The finality of it all was in the methodical fold of my last shirt. I was surrendering. The car to the airport was due at noon, and in a few short hours, I’d be leaving Glasgow behind. Leaving this whole mess behind.

Leaving her behind.

I’d fucked up. Badly. And now I was running away with my tail between my legs, just as Danny had suggested from the beginning.

“Sean!” Danny’s voice, careful and tentative, came from the doorway of the bedroom. I could practically smell the minty scent of toothpaste he’d used to cover up the last of the whisky from the night before. “Breakfast? My treat. Consider it a farewell to Glasgow.”

“Not hungry,” I said, my voice coming out rougher than intended. I kept my back to him, staring into the open carry-on bag on the bed as if it contained a miracle .

“You know what?” he said after a moment, his tone carefully light. “I’ll bring you back a coffee to go.”

The door clicked shut, leaving me in the sudden, suffocating quiet of the hotel suite. Through the windows, Glasgow hummed with its usual morning energy. People heading to work, life moving forward. Like I hadn’t demolished whatever chance I’d had with the most fascinating woman I’d ever met.

My hands froze on the zipper of the carry-on. Inside, nestled between my laptop charger and a paperback I hadn’t touched, was Beth’s bracelet. A delicate silver Celtic knot that I’d found after our first night together.

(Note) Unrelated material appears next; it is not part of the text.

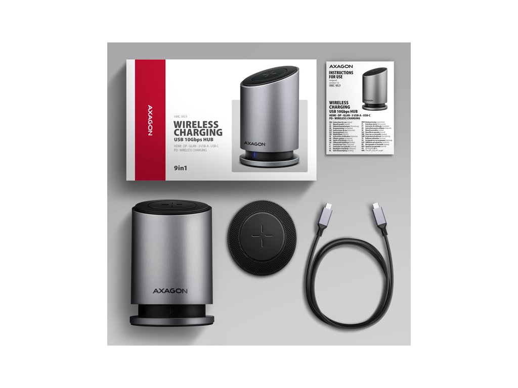 AXAGON HMC-WL9, USB 10Gbps hub s Qi, 3x USB-A, USB-C, HDMI & DP 4k/60Hz, RJ-45 GLAN, PD 100W, kabel USB-C 60cm

I picked it up, the cool metal surprisingly heavy in my palm. Coward.

I’d built a career on helping people face their fears, on taking risks. I’d let the tabloids and a warning from her mother control the narrative instead of controlling it myself. Every piece of advice I’d ever given about resilience and authenticity, I had abandoned.

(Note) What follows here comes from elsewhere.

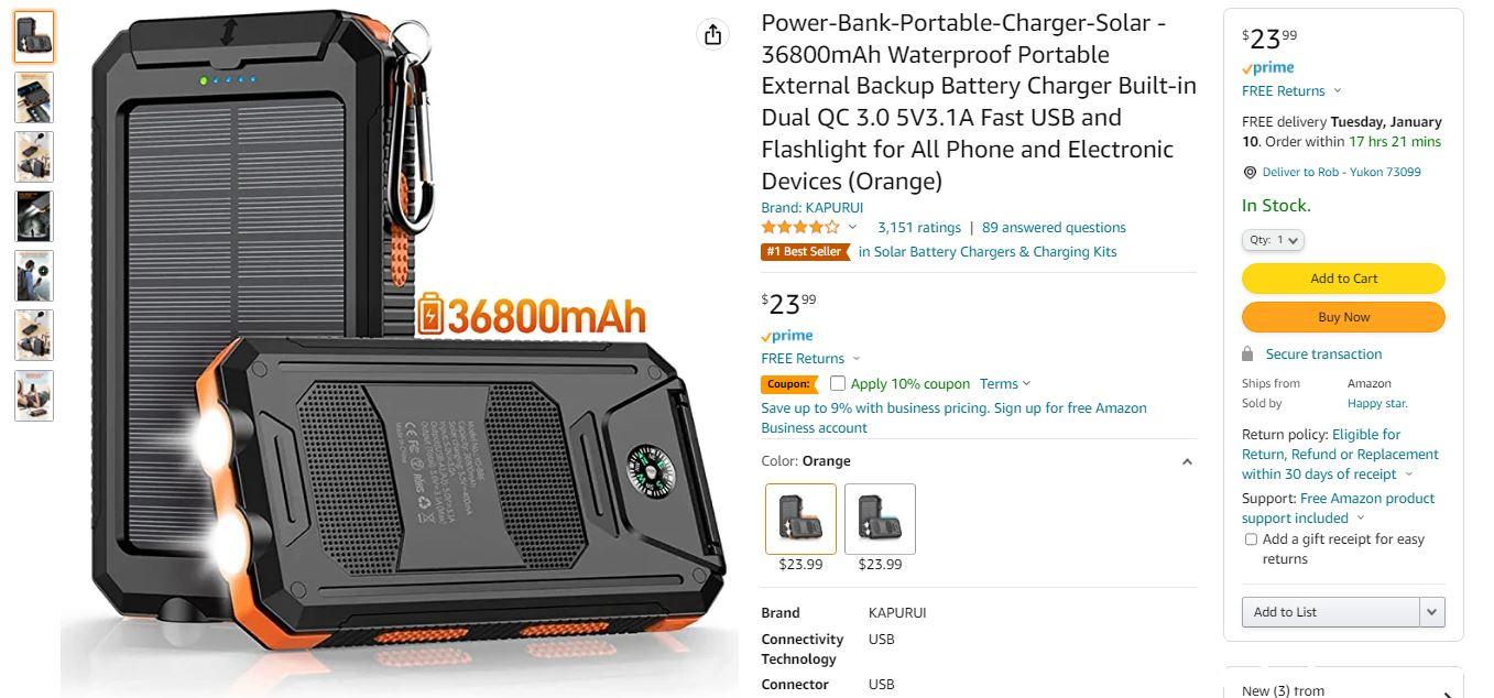 A few days after Christmas I was chatting with my buddy Sean about the winter storm that was about to sweep the nation. Sean lives just outside of Buffalo, New York and was expecting more than two feet of snow. While charging up all our USB battery packs in case either of us experienced a power outage, the topic of charging devices via solar came up. One thing led to another and within the hour I had found and ordered two of these USB battery packs with built in solar panels from Amazon. These charging packs claim to deliver a whopping 36,800mAh of power and and include everything from the aforementioned integrated solar panel to a built in compass! These battery packs typically retail for around $60, but right after Christmas I caught them on sale for $18 and so I ordered two of them, one for myself and one for Sean.

My phone buzzed on the nightstand, and I almost ignored it, assuming it was Danny asking me about any specific coffee special. I didn’t give a fuck.

When the buzzing continued, I finally picked it up. His name was on the screen, but it was a call, not a text.

“Yeah?” I answered, my gaze fixed on the intricate knot of the bracelet.

“Get your ass down to the corner of Argyle and Queen Street.” His voice was a low, urgent whisper. “There’s a cafe called The Willow. She’s here, Sean.”

My heart stopped. For a full second, the world went silent. “What?”

“I’m watching her through the window right now. She looks... rough, man. But she’s here. Hurry. ”

The line went dead. I stood there, phone still pressed to my ear, certain I’d hallucinated it.

I shoved the bracelet deep into the pocket of my jeans and grabbed my jacket, not bothering to zip the bag left on the bed.

The hotel room door slammed behind me as I bolted, my heart hammering against my ribs.

The elevator was taking too long. I hit the stairs, taking them two at a time, my mind racing. What are the odds? Maybe it was fate. Or maybe I was about to make an even bigger fool of myself than I already had.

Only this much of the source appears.